My favourite… protein structure.

A bit of deadly but beautiful biology…


Crystal structures are intricate models of great complexity and beauty. Some of them may simply just resemble 3 dimensional squiggles that happen to bring the right combination of molecular groups together in space to allow some funky chemistry to happen, or some highly specific binding event. Some other them, however, look like pieces of art…

Bacteria are scavengers – tiny little single celled organisms whose raison d’etre is to proliferate, thrive and survive. (This is also your raison d’etre, but humans have developed all sorts of clever distractions to make us think that life is something more that just an advanced way of passing genetic information from generation to generation.) In order for bacteria to do this, they need lots of  chemicals – both to metabolise for energy and to serve as building blocks for components they need to fulfil their task.

It just so happens that nature has provided bountiful supplies of those chemicals almost everywhere you look – Us.

Human (and indeed all animal) cells are essentially bags of chemicals – exactly the chemicals that are so highly prized by bacteria. Which is why the bacteria have devised many cunning ways of extracting those chemicals from the bags in which they reside – one of the more formidable weapons in the bacterial arsenal is that of the “pore forming toxin” or PFT.

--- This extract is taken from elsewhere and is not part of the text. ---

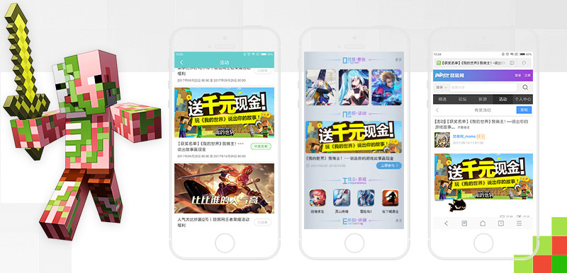 除了软性材料的支持意外,硬广也是琵琶网的核心竞争力之一,这次除了轮播页面以外,也充分的利用了琵琶网内页广告,测试表,icon推荐等多重的广告组合,无死角的覆盖了琵琶网所有的玩家,也为我的世界带来的大量的忠实用户,新增数量在短短一周内超过了15000名,留存率也超过了37%。同时由于有论坛互动等资源位配合,玩家也为官方制造出了许多精美的图文作品,起到了很好的宣传作用,也为厂商带来了极大的回报。

Pore forming toxins do exactly what they say on the tin – they form pores in cell membrane. In the short term, these pores will lead to nutrients flowing out of the cell – where the bacteria can get hold of them. In the long term, loss of membrane integrity often leads to the death of the cell – important cellular processes stop due to lack of important chemicals, and the concomitant influx of water into the cell makes it swell uncontrollably and burst – even more goodies for the bug to get hold of!

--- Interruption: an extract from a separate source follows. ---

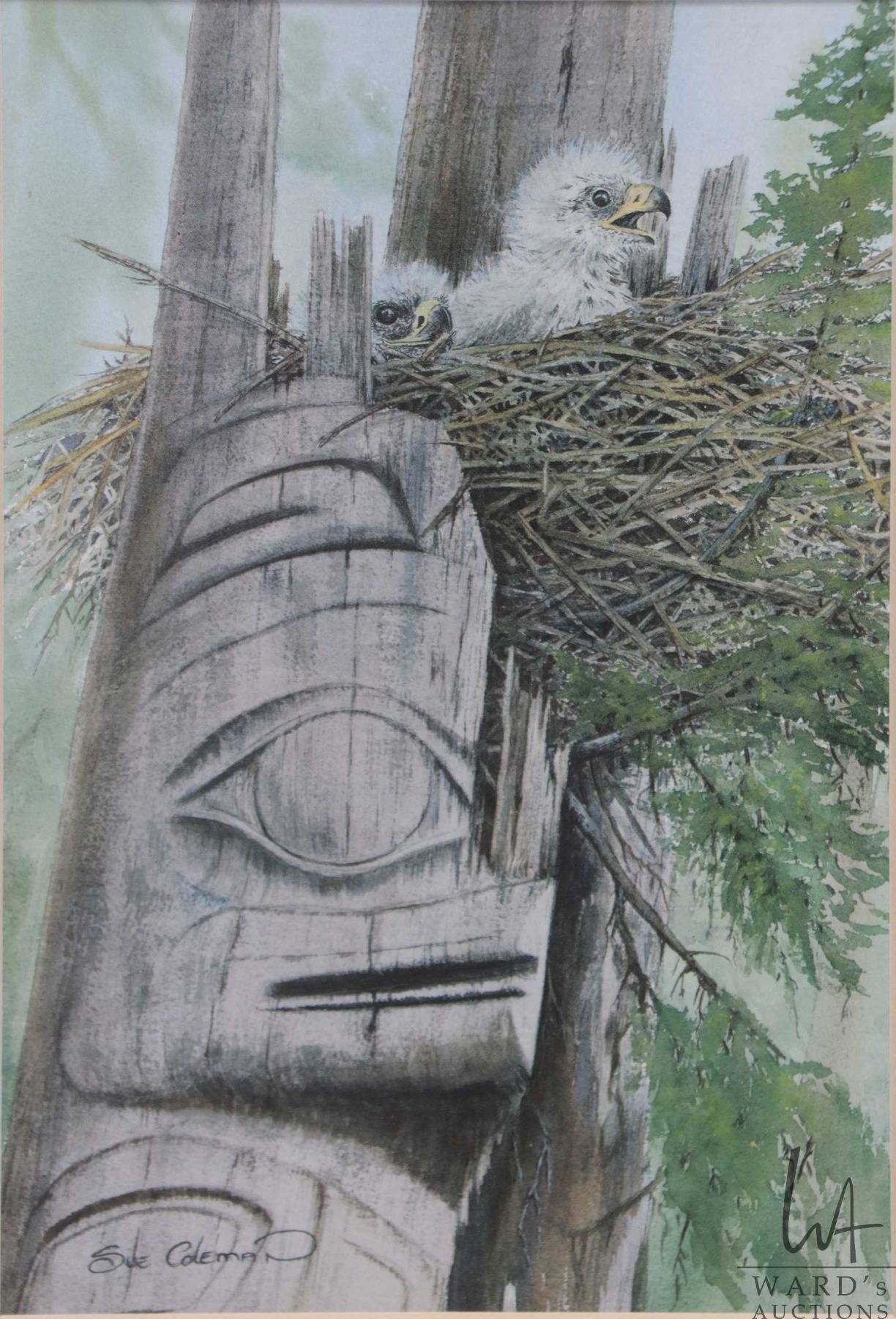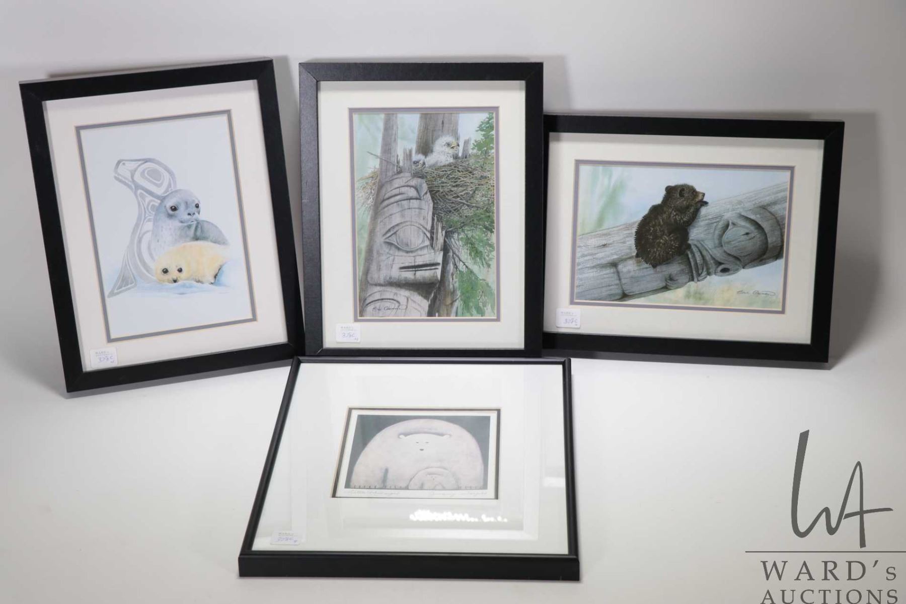 Four framed prints, three by artist Sue Coleman and one by artist Jimmy Wright

PFTs are interesting proteins to work with – partly because they are schizophrenic. They have a happy and often easy to handle soluble form, where then generally exist as single molecules (monomers) and act as normal soluble proteins. Then they have a hydrophobic (water “hating”) pore form, where they exist as large complexes (multiple proteins join together) to form the active pore. The pore mode is generally a pain in the backside to work with, as they aggregate and precipitate very easily. As a result of this, many crystal structures of PFT tend to capture them in the soluble state. However, there is one very notable exception to this rule.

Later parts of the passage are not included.